Налево горел Тюильри. С наступлением темноты коммунары подожгли дворец с двух концов – павильон Флоры и павильон Мареан; огонь быстро добрался до павильона Часов, в центре, где была заложена настоящая мина, – бочки пороха, собранные в зале Маршалов. Соседние строения извергали сквозь разбитые окна клубы бурого дыма, пронизанные длинными синими языками. Крыши загорались, трескались, зияя огненными щелями, разверзаясь, как вулканическая земля, под напором внутреннего жара. Но сильней всего, снизу доверху, пылал зажженный первым павильон Флоры. Керосин, которым облили паркет и стены, придавал пламени такую силу, что железные решетки балконов извивались, а высокие монументальные камины с большими лепными солнцами рушились, накалившись докрасна.
Направо уже почти семь часов горел дворец Почетного легиона, подожженный в пять часов вечера; он догорал огромным пламенем, словно костер, в котором весь хворост вспыхивает и сразу уничтожается. Дальше предстал Государственный совет – огромный пожар, чудовищней всех, страшней всех, гигантский каменный куб с двухэтажными портиками, извергающий пламя. Четыре здания, окружавшие большой внутренний двор, вспыхнули сразу, и керосин, вылитый целыми бочками на все четыре лестницы, на всех четырех углах, лился по ступеням адскими потоками огня. На фасаде, выходившем к реке, отчетливой линией вырисовывались почерневшие перила среди алых языков, лизавших их края, и колоннады, карнизы, фризы, лепные украшения, изваяния выступали необычайно выпукло при ослепительном отсвете этого пекла. Все сотрясалось: огонь бушевал с такой силой, что гигантское сооружение как будто приподнималось, дрожа и гремя до самого основания, и в этом яростном извержении, метавшем в небо цинковые листы крыши, уцелели только остовы толстых стен. Рядом весь угол казармы Орсэй горел высокой белой колонной, подобной башне света. А сзади еще пожары – семь домов на улице дю Бак, двадцать два дома на улице Лилль, пламя на пламени – заливали горизонт багровым безмерным морем.
Жан сдавленным голосом пробормотал:
– Да этого сам черт не придумает! Сейчас река загорится!
В самом деле, лодка, казалось, плыла по реке пышущего жара. В пляшущем отсвете огромных очагов огня Сена как будто катила раскаленные угли. По ней, среди шипящих желтых головешек, стремительно пробегали красные молнии. Жан и Морис все плыли и плыли вниз по течению этой зажженной реки, между пылающих дворцов, словно по бесконечной улице проклятого города, пламенеющего по обоим берегам потока расплавленной лавы.

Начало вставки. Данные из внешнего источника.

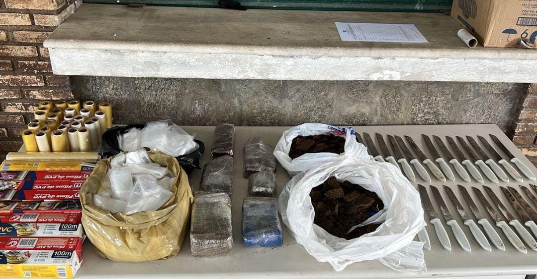 Policiais Militares apreenderam 6kg de maconha, 27 facas, uma balança de precisão e 2 mil embalagens comumente utilizadas no fracionamento e comercialização de entorpecentes no bairro de Tancredo Neves, em Salvador, nesta quarta-feira (8).
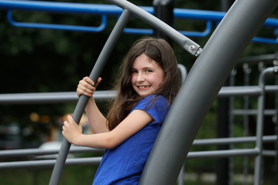 Sophia Garabedian, 6, of Sudbury, Mass., who contracted Eastern Equine Encephalitis in 2019, stands for a photograph on a playground, Wednesday, July 8, 2020, in Sudbury. (AP Photo/Steven Senne)
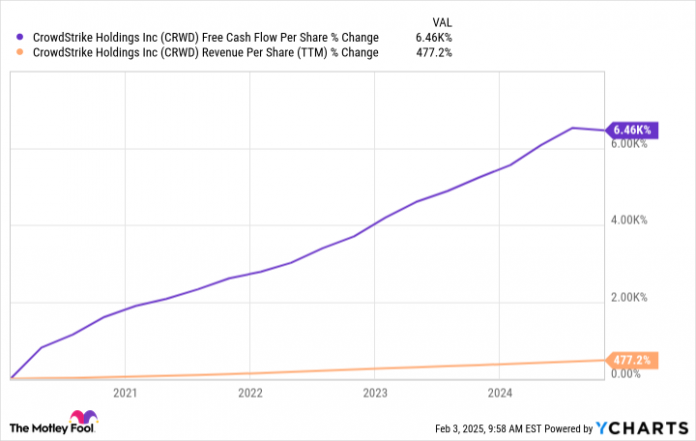 This dynamic is why CrowdStrike is having fun with quick income progress in addition to quick free money move progress. Its modules are simple to deploy, resulting in quick progress. And every new module is excessive margin, resulting in a lift in free money move.
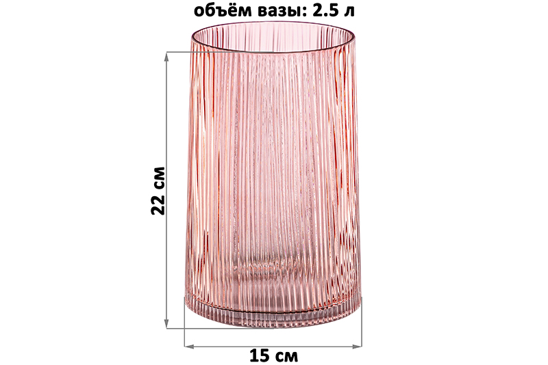БЫЛО 1285 руб! Ваза 15*15*22 см 2,5 л, розовый, стекло

– Так пусть же все сгорит, пусть все взорвется! – воскликнул Морис, опять охваченный безумием при виде этого желанного разрушения.
Но Жан прервал его, испуганно замахал рукой, словно опасаясь, что такое кощунство принесет им несчастье. Неужели Морис, которого он так любит, такой образованный, мягкий человек, дошел до подобных мыслей? Жан приналег на весла: они проехали под мостом Сольферино и плыли теперь по открытому широкому пространству. Стало так светло, что реку, казалось, озаряло полуденное солнце; свет падал отвесно, не было ни одной тени. Малейшие подробности выступали с необычайной четкостью – зыбь течения, куча гравия на берегах, деревца на набережных. Ослепительно белея, особенно отчетливо вырисовывались мосты, можно было бы сосчитать их камни; казалось, от пожара к пожару через эту огненную воду перекинуты нетронутые мостки. Иногда среди глухого протяжного гула раздавался внезапный треск. Оседали тучи сажи; при порывах ветра доносился запах гари. И страшнее всего было то, что другие, отдаленные районы Парижа за Сеной как будто больше не существовали. Справа и слева неистовые пожары слепили глаза, а дальше разверзалась черная бездна. Взору представлялся лишь бесконечный мрак, небытие, словно весь охваченный огнем Париж уже поглотила вечная ночь. И небо тоже погибло; пламя поднималось так высоко, что затмевало звезды.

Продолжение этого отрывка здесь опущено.